Kernel flip modules aim to learn the flip equivariance through generated flipped copies of input features with multiple flip versions of kernels. For our proposed method, we use only two branches of flipped kernels: the original one and the single-axis flipped one. When the processed Radon feature, after passing through several layers, is input into this module, weight-sharing flipped kernels output a flipped feature set without increasing the number of trainable parameters, ensuring model efficiency. By learning this flip variation on Radon-based features, our model is capable of acquiring flip equivariant properties in addition to rotation equivariance. As the main consideration for our narrow branch structure, as described in “Related works”, there exists a trade-off between generalization performance and the number of branches; therefore, the only additional single branch may lead to a weak flip-equivariant performance. However, as described in “Problem formulation”, obtaining flip equivariance on a rotation-equivariant representation corresponds to all directions of flip equivariance. After generating a flipped feature set, the max-out module then takes the most active features element-by-element to pass to the CNN classifier module while aiming at efficient memory flow inside the network and the drop-out effect. Finally, the obtained rotation and flip equivariant features from the Radon and kernel flip modules make it possible to learn the rotation and flip invariance with the CNN classifier.

Multi-branch LRP

In this study, we adopted the LRP to evaluate our method in a qualitative manner not only to recognize the effect on inference based on the Radon feature in accordance with the original wafer map-based prediction but also to verify that our proposed model works as intended. The LRP is primarily used to comprehend the model inference using an interpretability-based approach to deep learning-based models. Based on the deep Taylor decomposition method described by Eq. (13), the relevance score can be obtained by output prediction, where a is a root point of the Taylor series and \(\epsilon\) is a substituted term for the Taylor series’ higher-order polynomial terms. By sequentially repeating the relevance propagation to previous layers, the input layer’s relevance scores can finally be obtained.

$$f\left(x\right)=f\left(a\right)+ \sum_{i=1}^{d}\partial f/\partial {x}_{i}{\vert}_{x=a}\left(x-a\right)+\epsilon = {\sum }_{i}{R}_{i}$$
(13)

To apply this technique to our model, there is a structural consideration that it is difficult to propagate the relevance score as-is because our model is a multi-branch model. To the best of our knowledge, the LRP method has not been used in a complicated structure such as a multi-branch CNN before. Herein, we propose a novel LRP method for the multi-branch structure, as depicted in Fig. 1. When the relevance score has arrived at the kernel flipping modules, two relevance scores are generated after passing each kernel.

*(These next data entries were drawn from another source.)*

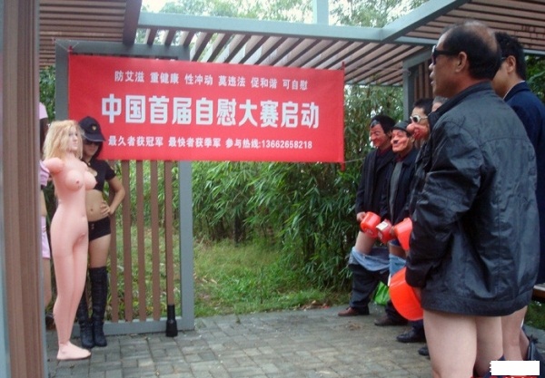 「自慰大賽」週三在深圳梧桐山藝術小鎮拉開序幕,10名男女借助充氣娃娃、肉靈芝、飛機手電筒、情趣制服等成人用品,進行雷人的自慰表演。不過可能是旁邊有攝影機,這「七條好漢」都戴著面具,透過影片觀看,更讓人忍不住想笑。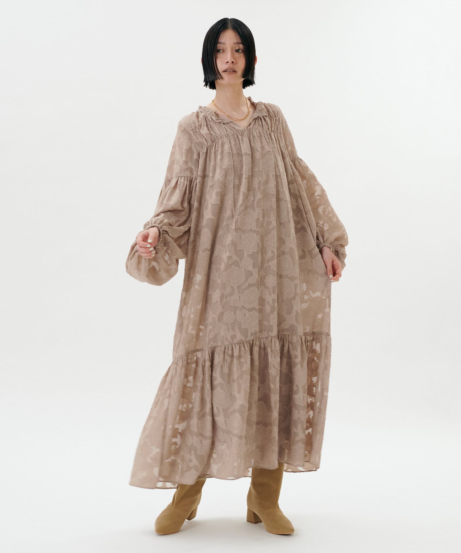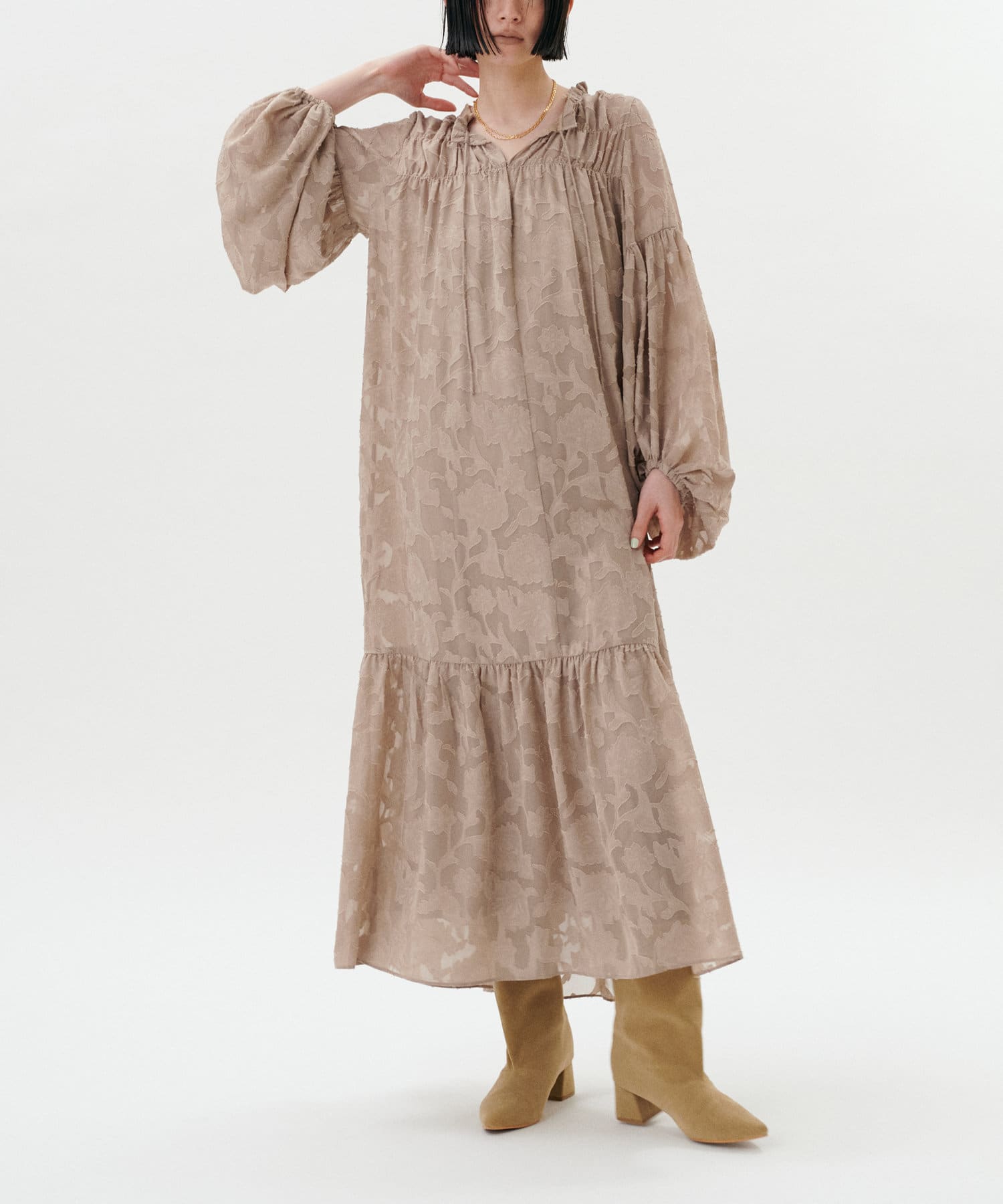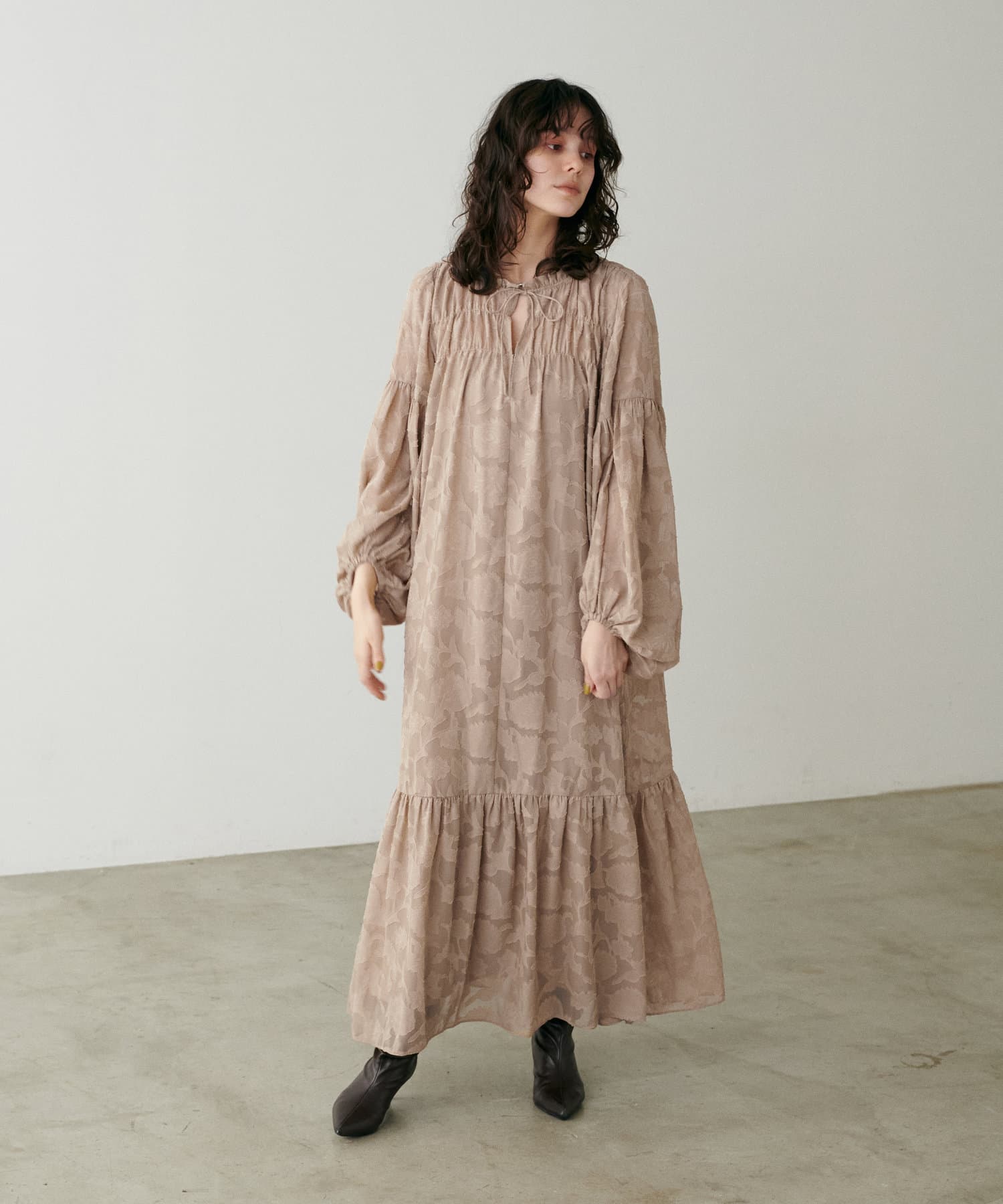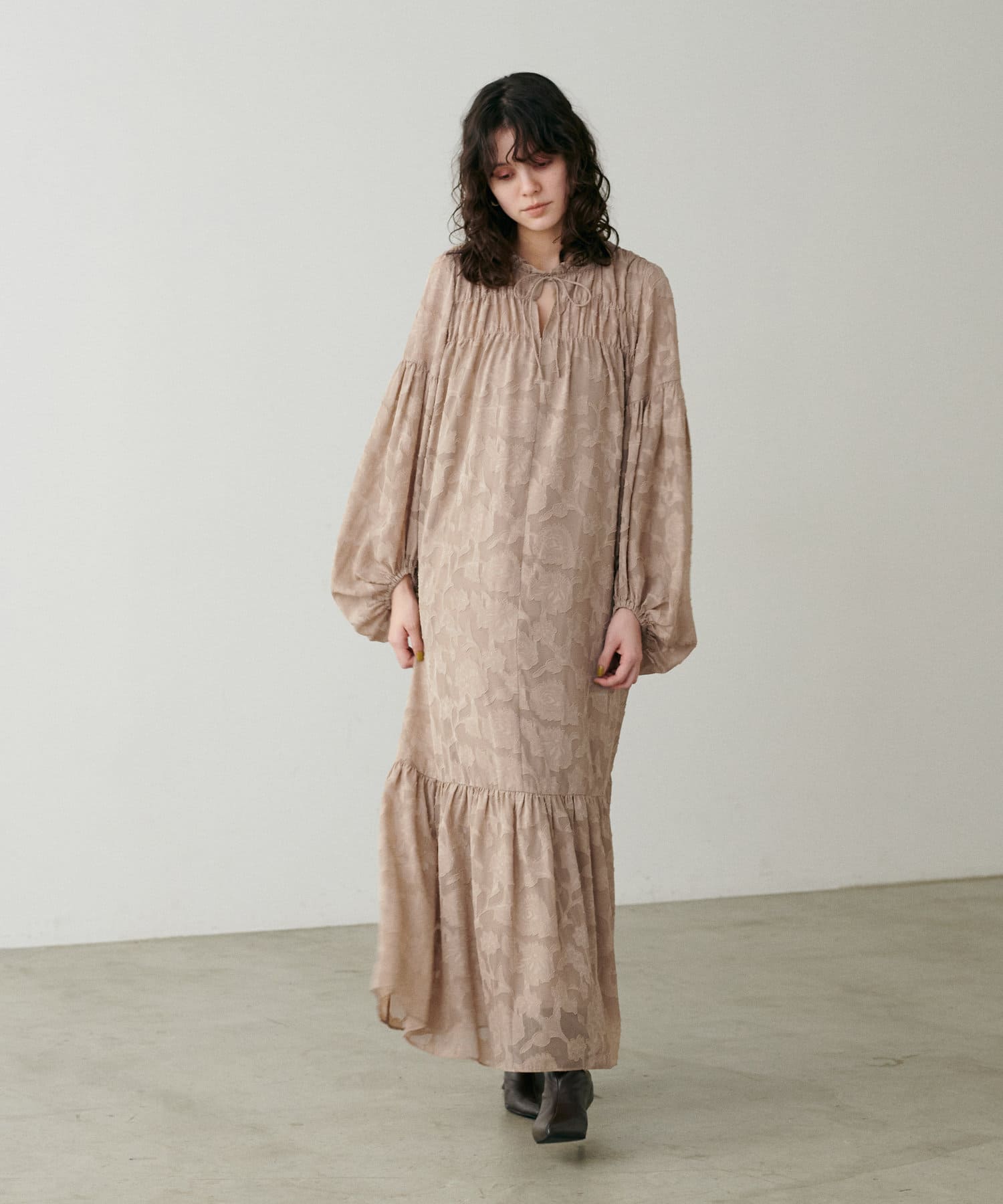 肩まわりや袖口、足元にギャザーを施すことで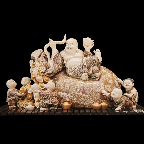 Композиция из бивня мамонта «Будда с пятью детьми благословляет на богатство» воплощает один из самых благопожелательных сюжетов китайского декоративного искусства, соединяющий образы изобилия, счастья и семейного благополучия. В центре композиции расположен смеющийся Будда, известный как символ радости, щедрости и безмятежности. Его спокойная улыбка и расслабленная поза выражают состояние внутреннего равновесия и уверенности в благосклонности судьбы.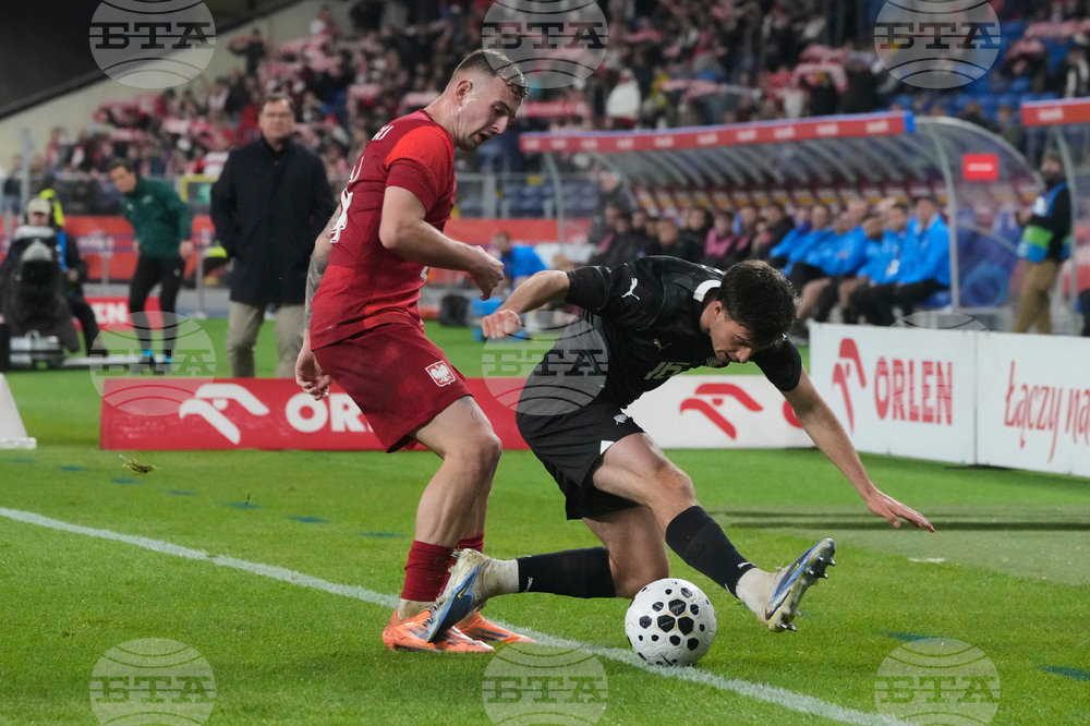 Poland's Przemyslaw Wisniewski, left, and New Zealand's Matthew Garbett challenge for the ball during a friendly soccer match between Poland and New Zealand at the Silesian Stadium in Chorzow, Poland, Thursday, Oct. 9, 2025. (AP Photo/Czarek Sokolowski)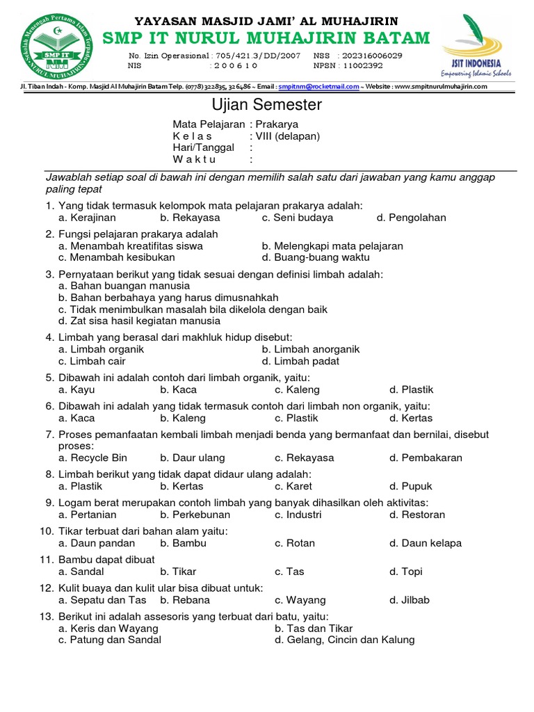 Tulis namamu di sudut kanan atas 2. Sebagaimana yang kita ketahui bersama bahwa. Kali ini cara sunda akan memposting soal latihan pts prakarya semester 2 smp/mts. Semoga soal uas prakarya kelas 7 semester 2 dan kunci jawaban ini. Soal prakarya kelas 7 semester 2 pilihan ganda beserta jawabannya, kisi kisi soal pas bahasa inggris kelas vii kurikulum 2019 sumber :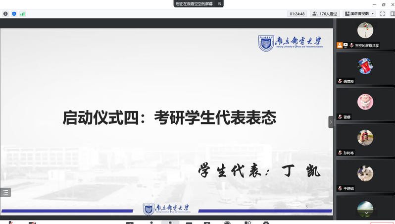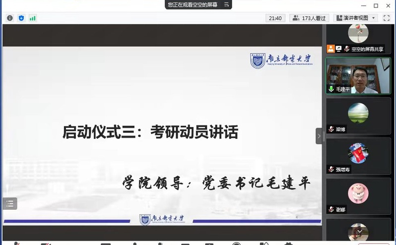 紧接着,毛建平书记作了考研动员讲话,他指出“云端”逐渐成为大家生活中不可或缺的工具,同学们正在不断尝试新途径、新方案。面对疫情带来的学习困境,学院也拟定了“一揽子”助研措施,有针对性地为同学们搭建暑期学习平台。同时,他对各位同学提出了三点希望,合理规划、求实求真、张弛有度,执着并勤奋必能克服考研路上的挫折和困难。考研学生代表丁凯表态,非常感谢学院的助研安排,一定争分夺秒,让学业更进一步。最后,学院党委副书记、副院长徐磊宣布电光柔院“云上考研自习室”正式启动。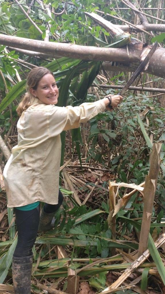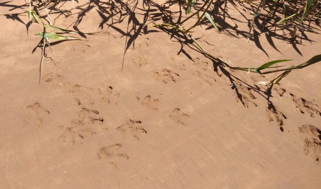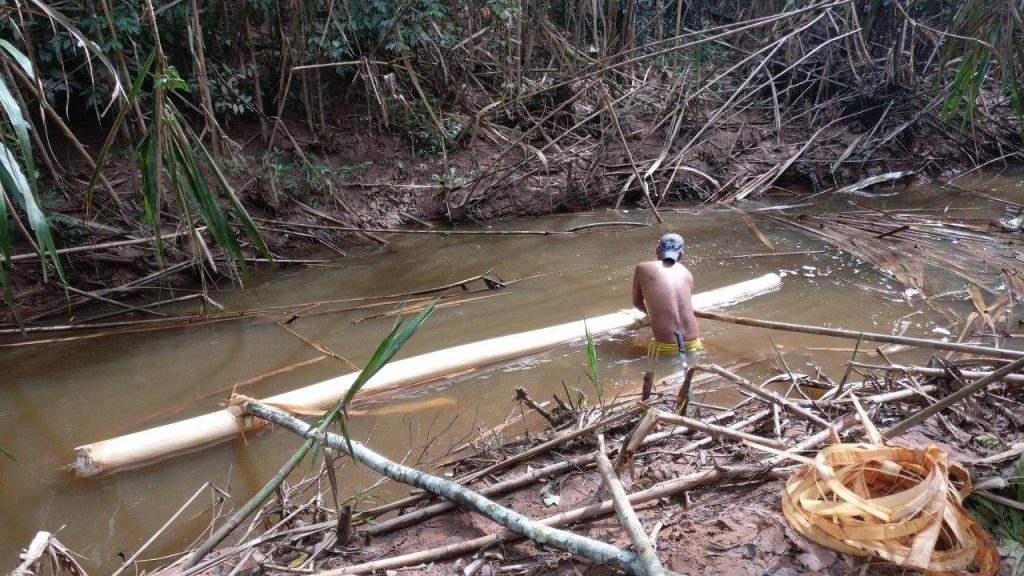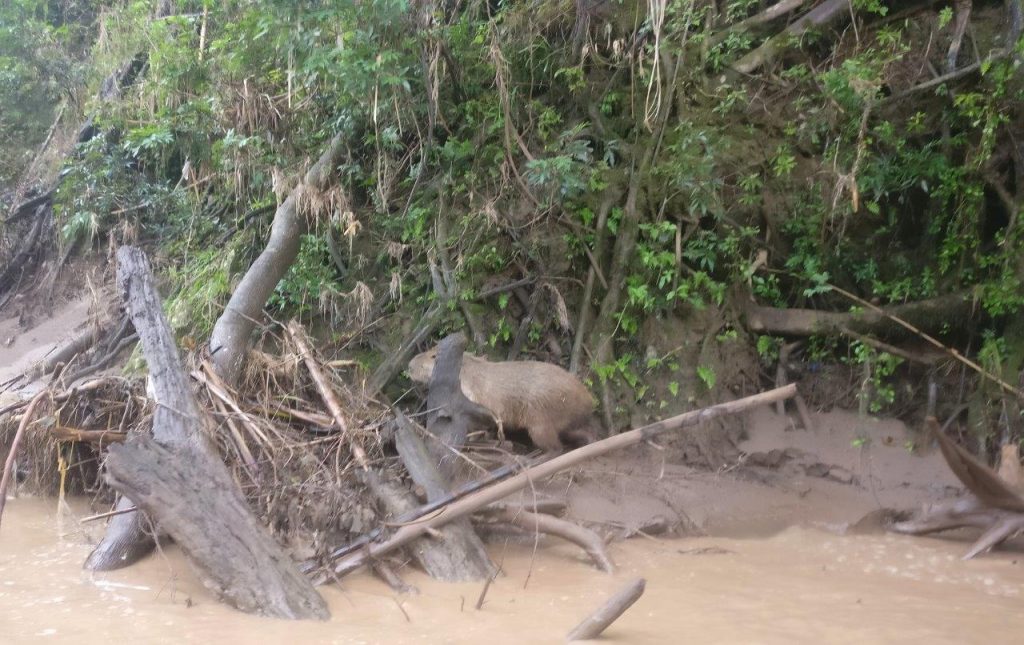 Para este dia, tínhamos outra “grande” missão pela frente, a construção de uma jangada que nos levaria no dia seguinte até ao acampamento “Escorpion Travel”. Quando estávamos a tomar o pequeno almoço, reparámos que a chuva do dia anterior tinha feito subir bastante o rio. Além disso, reparámos que no sítio onde nos tínhamos banhado no dia anterior, estava um jacaré bem grande a “passear”. Depois, foi tempo de arrumar tudo e continuar caminho à beira do rio para encontrar as árvores balsa. Estas árvores necessitam de um ano para crescer e são as ideias para construir uma jangada, devido à sua boa flutuação. Quando encontrámos as árvores, tivemos que cortá-las com as machetes, tirar a casca e por fim, começar a construir a jangada. Até parece fácil, mas não foi! Para unir os troncos das árvores, utilizámos a fibra que está colada à casca. Enquanto estávamos a cortar a madeira, conseguimos ver um grande grupo de macacos “martin” a saltarem de árvore em árvore. Quando acabámos de construir a jangada, seguimos rio abaixo até encontrarmos uma boa “praia” para passar a noite. Depois de encontrarmos a “praia”, foi tempo de tirar tudo da jangada e fazer um abrigo para dormir. Como já estava a anoitecer, cortámos bambus para fazer a base do abrigo e depois utilizámos uma cobertura de plástico para o “teto”. Com o abrigo já pronto, fomos procurar madeira para fazer lume. Para o jantar, o Lázaro preparou um “majadito” com carne seca e ficou uma delícia. Neste local, encontrámos mais uma vez muitas pegadas de jaguar.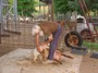 In any case, we still have to get the wool off at least once a year. In the following photo, Jonathan is shearing a Tunis ewe. He has shorn our flocks since we first started raising sheep in the early 1980's. In recent years Jonathan has been accompanied by his son, Ben, and they typically spend most of a day at our place shearing over one hundred animals.
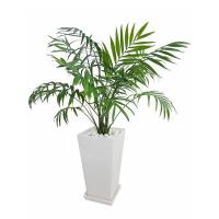 観葉植物、ケンチャヤシ7号鉢(直径21cm)。 受皿付。 鉢底から高さ約90〜110cm。 (季節により高さは変動あり) ・ヤシ科チャメドレア属 ・学名:Howea belmoreana ・オーストラリア東部原産。 ・越冬温度0℃以上。 霜や雪に当たると葉が痛むので注意 ・生育適温は18〜30℃。 ・株立ちせず、単幹性で高さ7m以上になります。 大きくなると一枚の葉の長さが2mを超える事もあります。 大鉢は広い空間に置くと、南国気分を容易に演出できます。 ・羽状の葉は濃い緑色で、エキゾチックです。 ・耐寒性、耐陰性があるので、初心者にも管理が楽な育てやすい植物です。 ・耐陰性はありますが、ずっと室内に置くと軟弱になるので、明るい場所に移動して下さい。 外に出すときは、軒下に出して徐々に外光に慣らします。 急に強光に当てると葉焼けするので、注意して下さい。 ・ヤシ類は基本的.........__ |
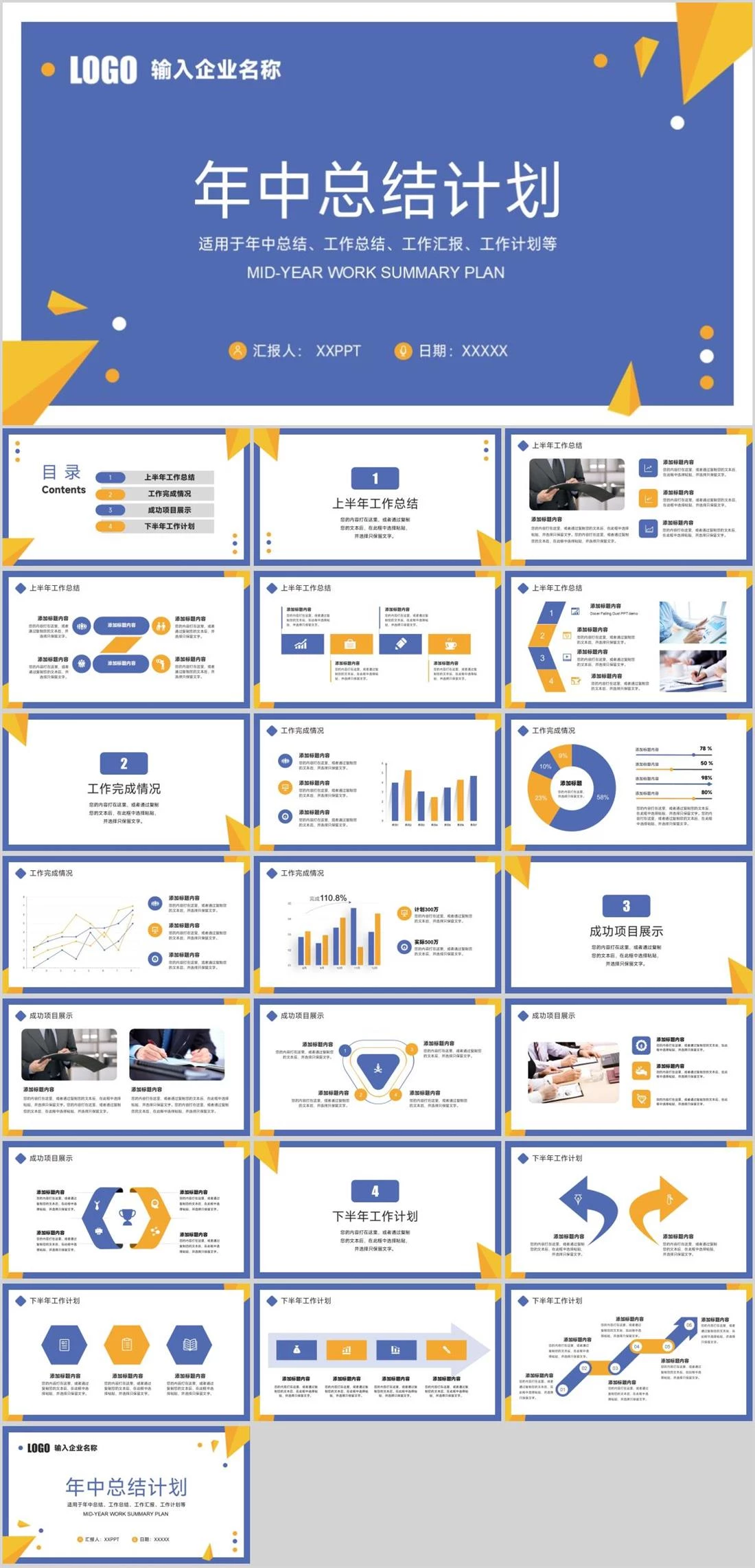 适用于年中总结、工作总结、工作汇报、工作计划等日期:XXXXX汇报人: XXPPT输入企业名称LOGO年中总结计划Mid-year work summary plan商务汇报,1235,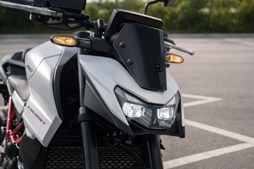 - Energy Efficiency: The Hornet’s effective fuel management system makes sure that you ride for long distances without thinking about refilling your tank. With its 15-litre tank of fuel this bike has an impressive range, making it ideal for long distance travel.

The propagation of the separated relevance score provides multiple relevance scores that are unrelated to the model judgment grounds at the input layer. To solve this structural problem, we concatenate both relevance scores and both kernels by channel axis. Then, we propagate the relevance through the concatenated relevance feature and kernel to generate a combined relevance score.

Results and discussion

Experiment

Data description

In general, wafer map patterns are categorized into seven classes based on their cluster position and shape, which has specific process conditions and effects27: center, donut, edge-loc, ring, loc, scratch, and random. For example, the center type has the effect of problems in the plasma area28 or thin-film deposition, and the edge-loc type has the same effect as uneven heating during the diffusion process. Therefore, it has been considered an important task to classify them and determine the state of the process so that the cause of process deterioration can be estimated. Existing machine learning-based wafer sorting tasks have mainly been researched under two scenarios: individual fab data and open data27, each with pros and cons. Using private data is advantageous for optimizing the problem at hand, but methodological generalizations are difficult. However, publicly available data are easier to compare with other methods, implying that the method’s generalization could be claimed; hence, it is preferable to utilize it for verification.

The real-world fab data WM-811K has frequently been used in wafer classification tasks via machine and deep learning29. For data representation, each wafer map is formed as a 2D image of varying sizes. As shown in Fig. 3, WM-811K contains a total of nine classes, including the seven aforementioned classes and additional near-full and none classes, with a total amount of 172,950. Among them, there are 25,519 labeled data, which is only approximately 14.8% of the data. Additionally, as shown in Table 1, it has a highly imbalanced data distribution, i.e., near-full class accounts for only 0.1%. The appropriate data processing for the evaluation is addressed in “Experimental setup”.

Figure 3
figure 3

Used wafer patterns of WM-811K for this study. Near-full and none patterns are excluded, as described in “Experimental setup”.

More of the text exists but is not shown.